We think there is nothing in Article IV, Sections 3E and 4 to require provision for the conversion of the debentures into stock of the acquiring corporation unless, as a part of the agreement of sale, the acquiring corporation has delivered securities as a part of the purchase price, which securities are distributed directly to the stockholders of B.S.F.
This seems clear from the provision in Section 4 requiring the Supplemental Indenture to provide for the conversion of debentures into "the same kind and amount of stock * * * as may be issuable and are payable by the terms of such * * * transfer with respect to the number of shares of Capital Stock of the Company into which such Debentures are convertible immediately prior to such * * * transfer."
Similarly, in Section 3E comparable language is found. This section requires B.S.F. in the event of such a sale of its assets to insure that each debenture be convertible into the kind and number of shares of the purchasing corporation "to which a holder of the Capital Stock issuable upon conversion of such Debenture * * * would have been entitled upon such * * * sale by virtue of such holding."

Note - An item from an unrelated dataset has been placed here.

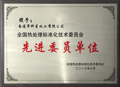 2013年7月, 全國(guó)熱處理行業(yè)授予南通科星化工有限公司全國(guó)熱處理標(biāo)準(zhǔn)化技術(shù)委員先進(jìn)委員單位。

Despite the arguments made, it is quite plain, we think, that the referred to provisions of the Indenture were intended to be applicable only to a transaction in which shares of a different corporation were acquired by the stockholders of B.S.F. as a result of their stock holdings and as a part of such sale. In that event it would, of course, be desirable to protect the debenture owners' right of conversion in order to insure that a conversion of the debentures would put the debenture holders in a comparable position with other stockholders of B.S.F.
In the case at bar, however, the sole consideration for the sale of the particular *752 assets of B.S.F. was cash which has gone into the treasury of B.S.F., and has been used by it for its corporate purposes. The debenture owner still has the option to convert his debentures into stock of B.S.F. which puts him on a par with other stockholders.
To require therefore B.S.F. to redeem at a premium the debentures by reason of the transaction outlined above is to give to the debenture holder a windfall since his position in the corporate setup has not materially changed. There are sufficient assets to pay off the entire issue of debentures and, presumably, that situation will continue. In addition, by reason of the Supplemental Indenture, Glen Alden has guaranteed the payment of principal and interest of the debentures. In all fairness and equity, therefore, we fail to see how these debenture holders have been injured, particularly in view of the fact that neither B.S.F. nor Glen Alden has done anything prohibited by the Indenture securing the debentures.
Accordingly, for the foregoing reasons, the judgment of the Vice Chancellor is reversed and the case will be remanded with instructions to enter a declaratory judgment upon the cross-motion of B.S.F.